A yucky fact: Some types of adult female worms can produce 30,000 eggs per day and some worms can grow to a staggering length of 5m inside your pet!
Worm hot spots:
Dogs love to have a sniff of each other in the park, but did you know that dog-to-dog contact can transmit roundworm (through eggs from in their coats), fleas and subsequently tapeworm! Just one pile of dog poo can contain a million roundworm eggs! We know that you are a responsible pet owner as you are reading this, but did you know that even if you scoop the poop, eggs can still remain in the left overs and could even go on to affect humans: yuk! Once it starts to break down, poo from an infected animal-including your own pet-blends into the soil. Here worm eggs can lay dormant for over a year and accidentally be swallowed by your pet. Only regular worming can break this life cycle.
Mice, birds and even sheep either caught or discovered by your pet can present a risk. This is because worm eggs or worm larvae can be found in these animals, which your pet may find and feed on.Mice and small rodents act as an “intermediate” host for the ‘flea’ tapeworm. Sounds a bit scientific, but in a nutshell, if your cat regularly brings you a ‘present’-you need regular tapeworm control!

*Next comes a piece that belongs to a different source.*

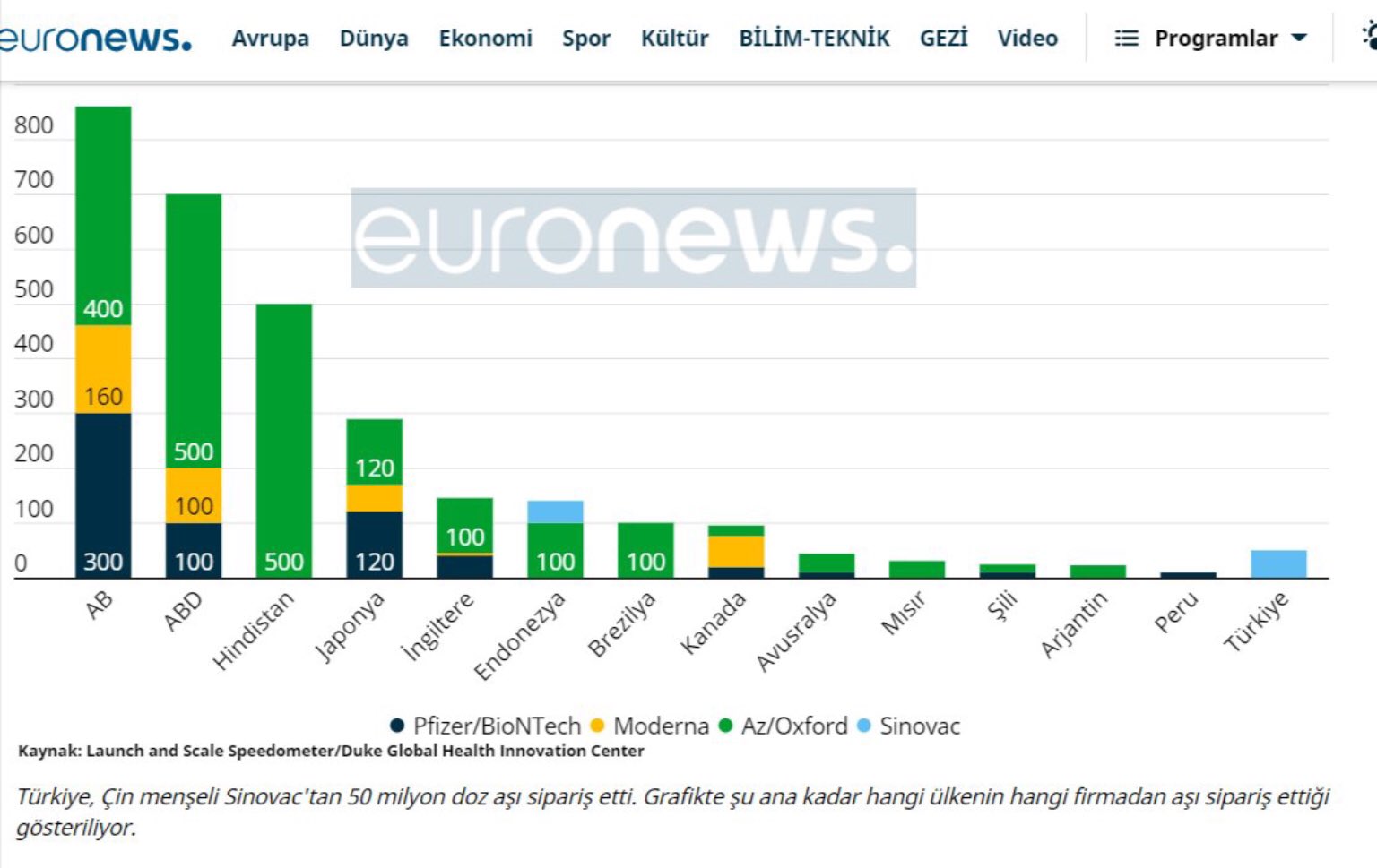 Şuana kadar belirli aşamaları geçmiş aşılar şunlardan oluşuyor: Az/Oxford, Moderna, Pfizer/BioNTech, Sinovac. Faz III çalışmaları Türkiye’de de gerçekleştirildi. Türkiye, Çin’de geliştirilen Sinovac aşısının üretim çalışmalarında da yer aldı ve 50 milyon doz Sinovac aşısı sipariş etti. Buradaki en temel etken ise Pfizer aşısının üretim kapasitesi kadar dozun zaten büyük ülkeler tarafından sipariş edilmesinde yatıyor. Yakın dönemde Pfizer aşısının Türkiye’ye yetişmesi güç gözüküyor kısaca. Ayrıca Sinovac aşısı daha uygun fiyatlara elde edilebiliyor. Ancak aşıların fiyatlarından ziyade ülkeler arasında imzalanan antlaşmalardaki fiyatlar belirleyici oluyor.

Does your cat sit and salivate as birds merrily play in your garden? Cats love to hunt birds, but did you know that cats can pick up round worm by eating birds that have swallowed parasite eggs? Your garden can be a haven for worm “carriers” such as slugs and snails. Plus if there’s poo on the ground, this could be harbouring roundworm eggs! Remember, even if you scoop the poop, the eggs can remain in the soil and be washed all over the place by rain. Monthly worming is routinely recommended to keep Roundworms at bay ensuring these parasite’s eggs do not end up on your
shoes, and in your house!
How to protect your pet and family:
- Use a quality, effective “allwormer” regularly (every 3 months)
- Control fleas on your pet (tapeworm is passed on by fleas)
- Remove droppings from the backyard regularly (should be daily)
- Change cat litter trays daily
- Wash your hands after playing with your pet
- Avoid letting your pet lick your face
- Do not feed raw meat or offal to your pets
- Keep kennels clean
- Keep sandpits covered
- Pick up your pets droppings from public places, such as park and beaches to stop parasites fromspreading.